▶ **Exercise goal**: What you return must match the listing below character for character, minus any pictures.

▶ **Information supplied**:
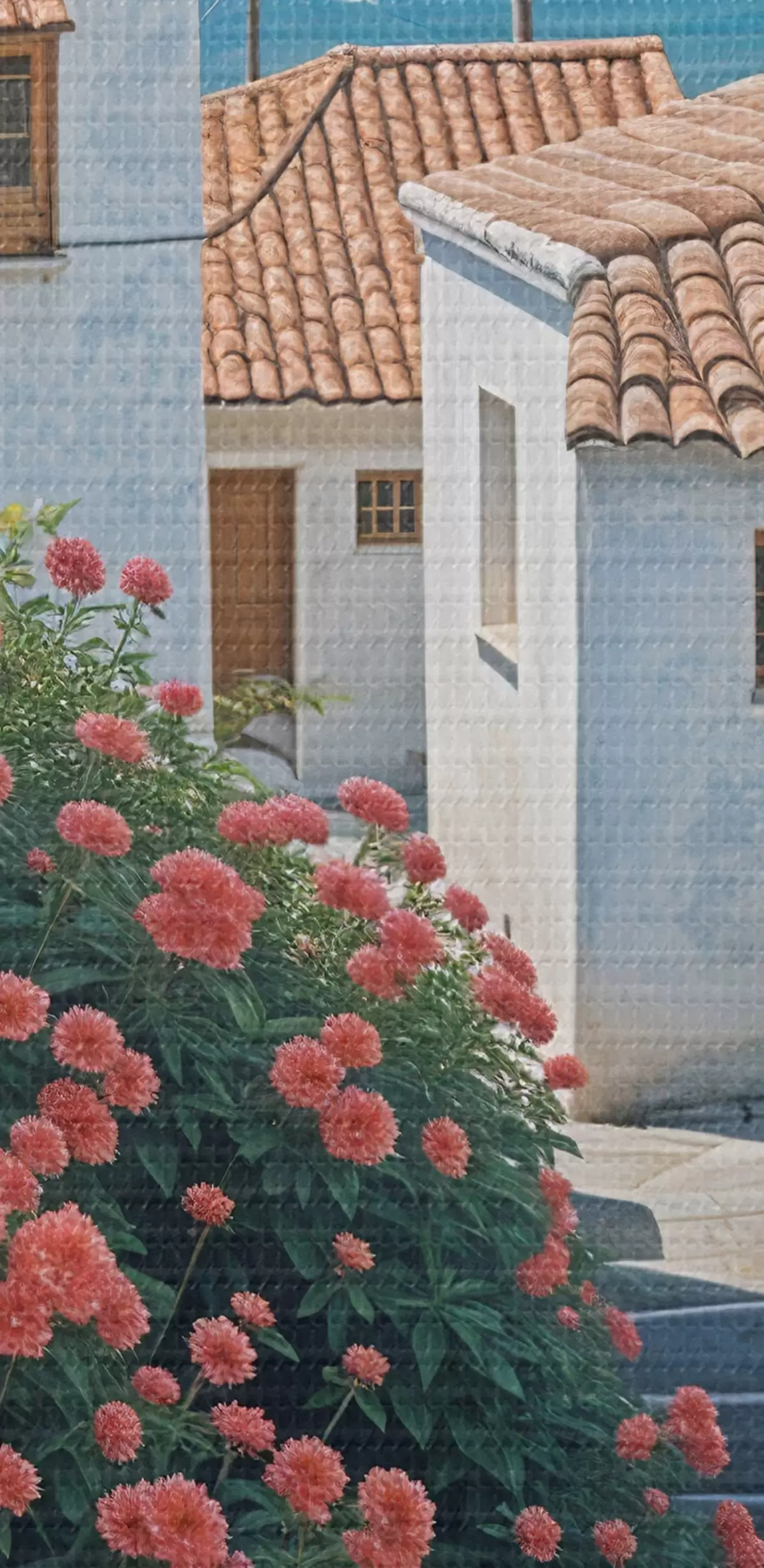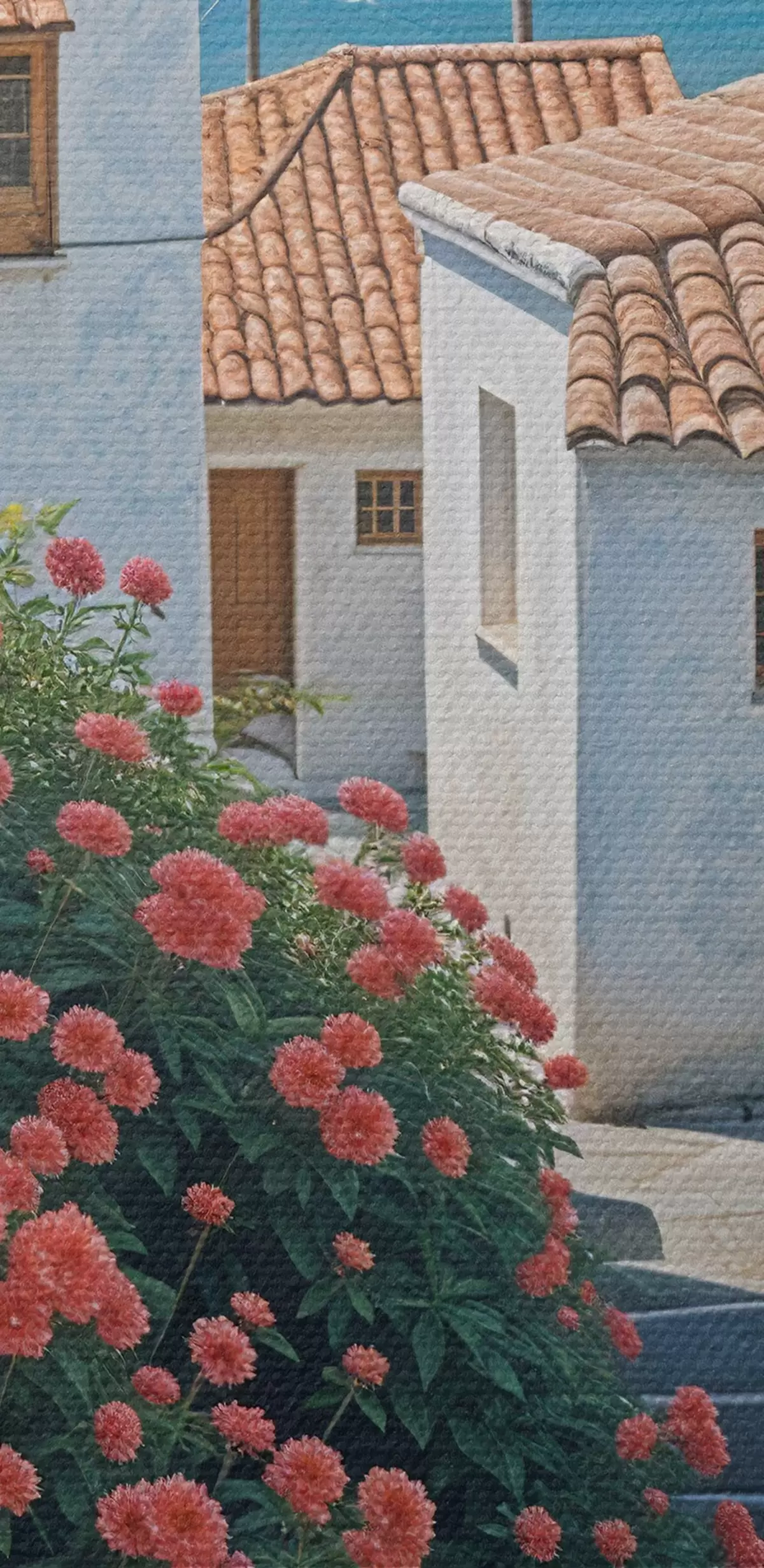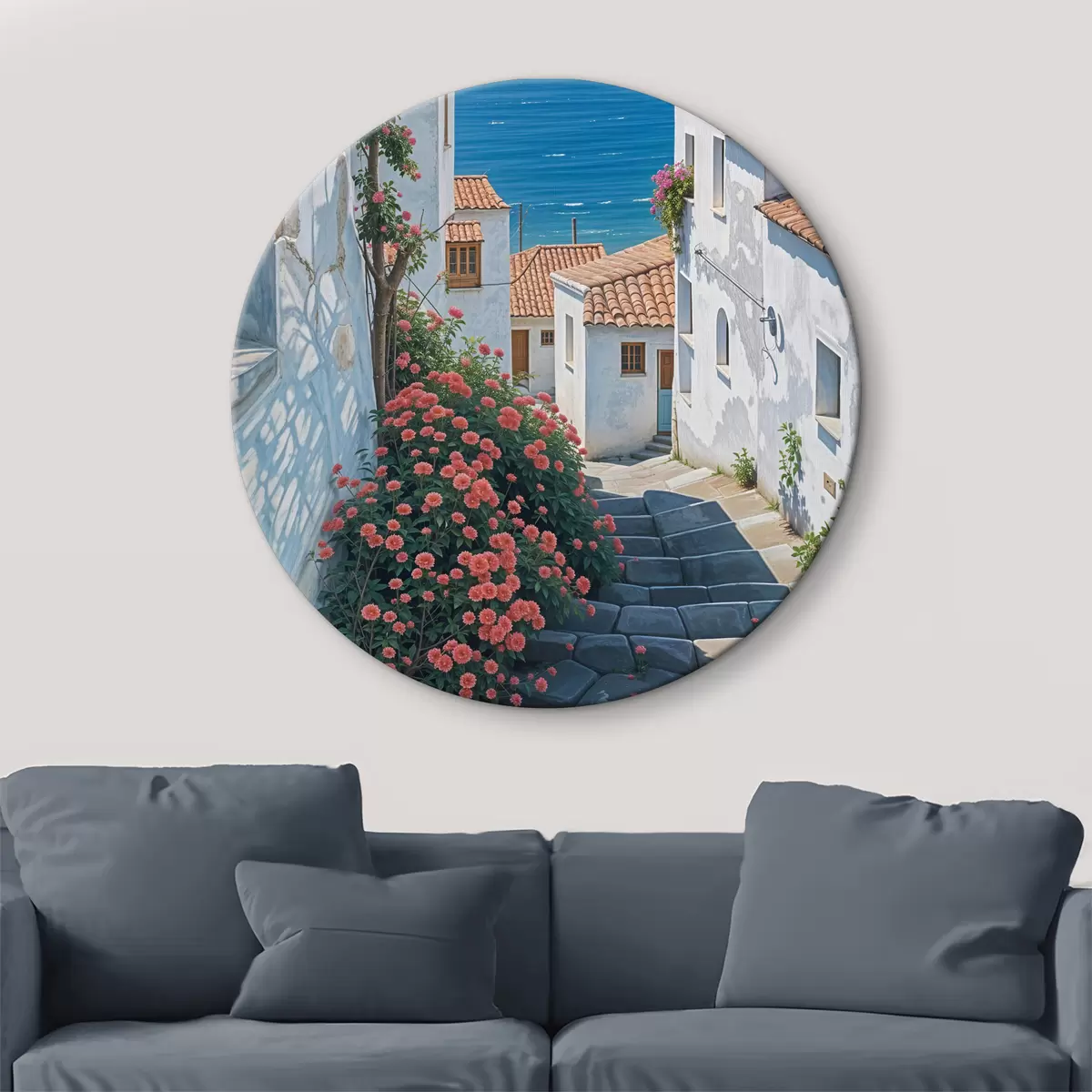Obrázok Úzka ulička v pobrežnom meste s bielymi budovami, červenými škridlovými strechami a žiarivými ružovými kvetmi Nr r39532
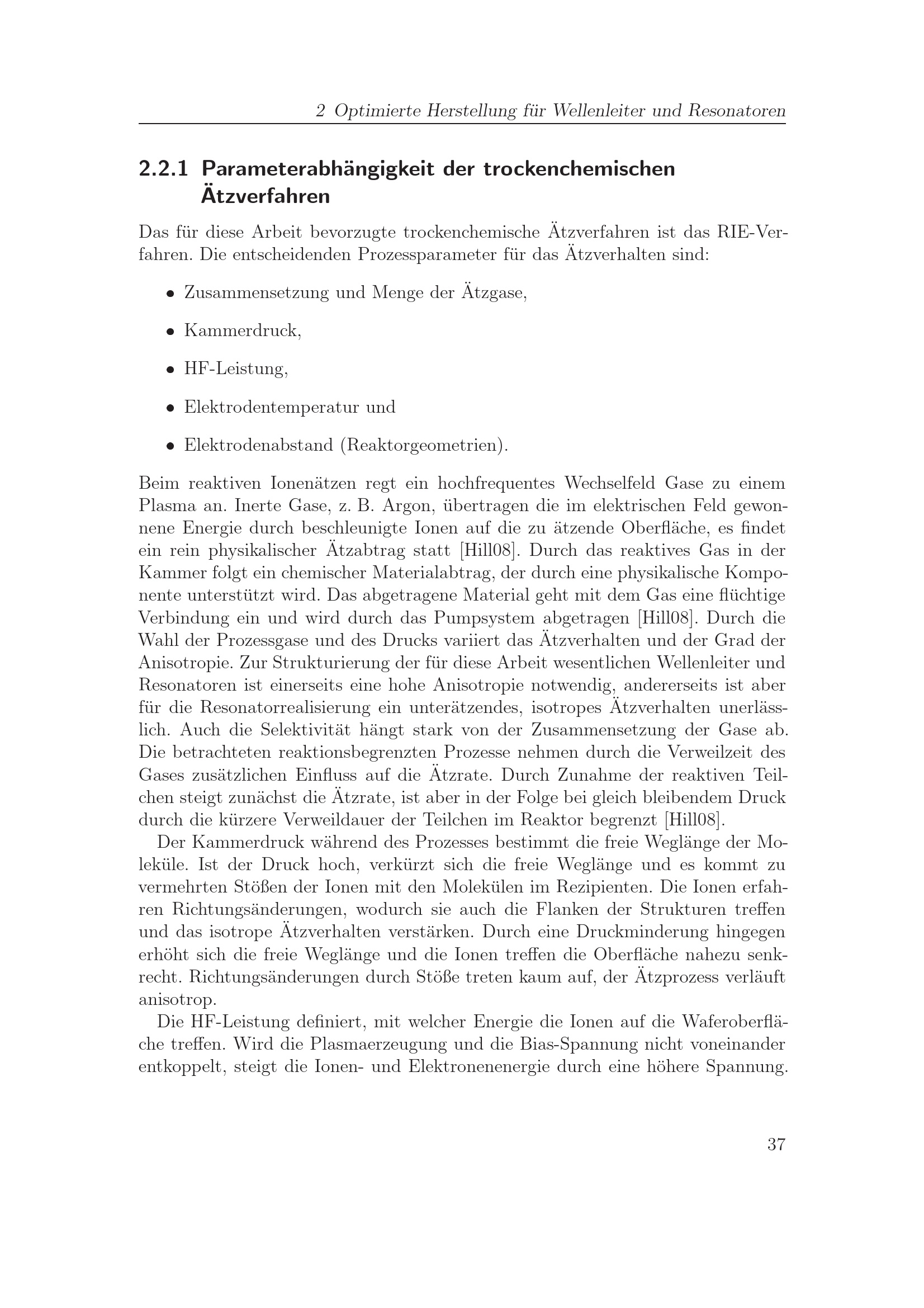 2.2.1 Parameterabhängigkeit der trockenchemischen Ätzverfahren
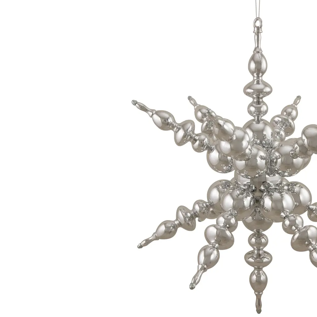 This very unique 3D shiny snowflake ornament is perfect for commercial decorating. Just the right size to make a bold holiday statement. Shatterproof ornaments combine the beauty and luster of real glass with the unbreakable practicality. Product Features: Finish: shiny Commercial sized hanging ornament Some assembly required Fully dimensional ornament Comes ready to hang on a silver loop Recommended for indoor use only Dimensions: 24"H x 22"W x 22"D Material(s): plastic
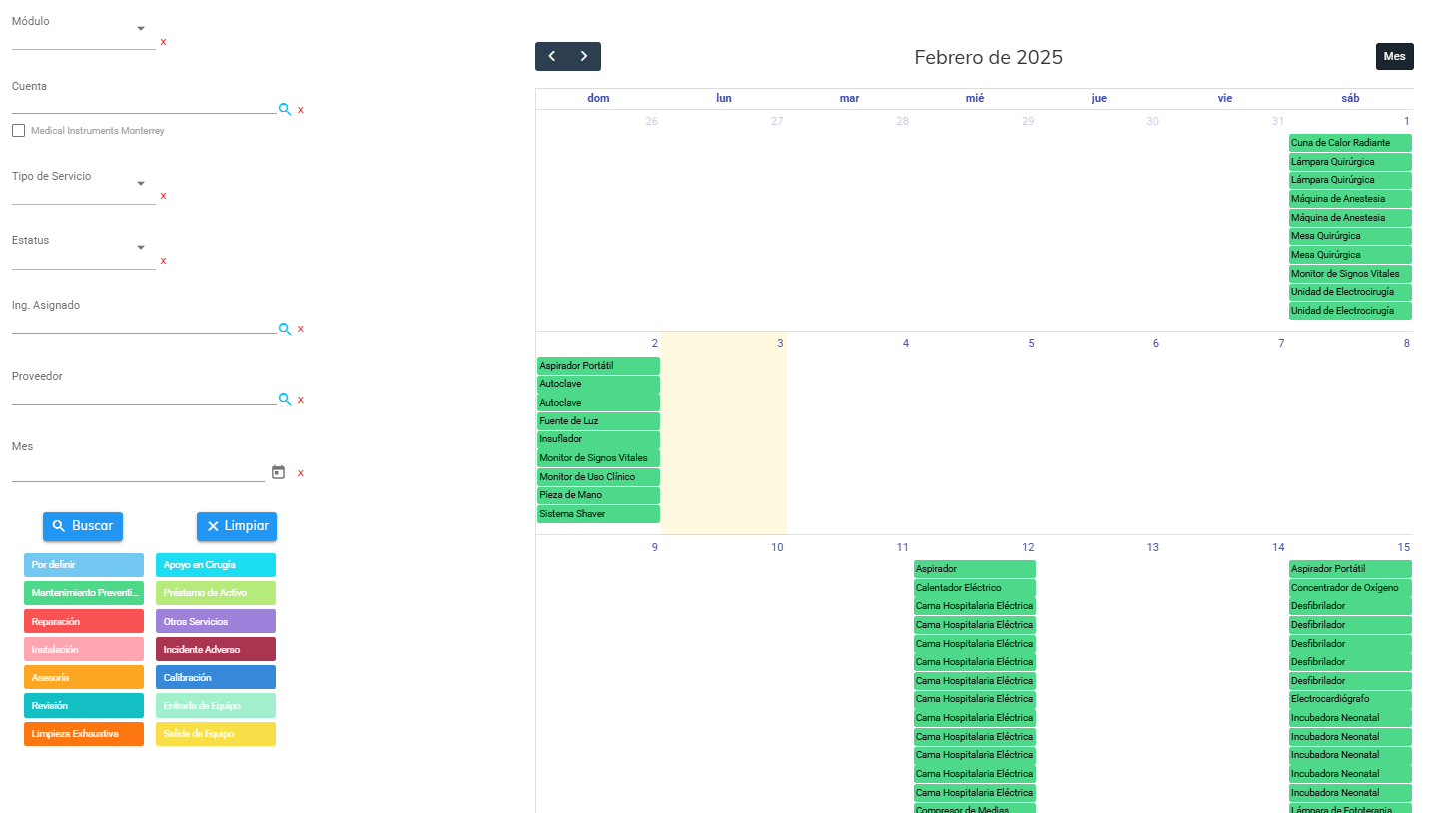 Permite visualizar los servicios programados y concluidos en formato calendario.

▶ **Reply to the task**:
Obrázok Úzka ulička v pobrežnom meste s bielymi budovami, červenými škridlovými strechami a žiarivými ružovými kvetmi Nr r39532
 2.2.1 Parameterabhängigkeit der trockenchemischen Ätzverfahren
 This very unique 3D shiny snowflake ornament is perfect for commercial decorating. Just the right size to make a bold holiday statement. Shatterproof ornaments combine the beauty and luster of real glass with the unbreakable practicality. Product Features: Finish: shiny Commercial sized hanging ornament Some assembly required Fully dimensional ornament Comes ready to hang on a silver loop Recommended for indoor use only Dimensions: 24"H x 22"W x 22"D Material(s): plastic
 Permite visualizar los servicios programados y concluidos en formato calendario.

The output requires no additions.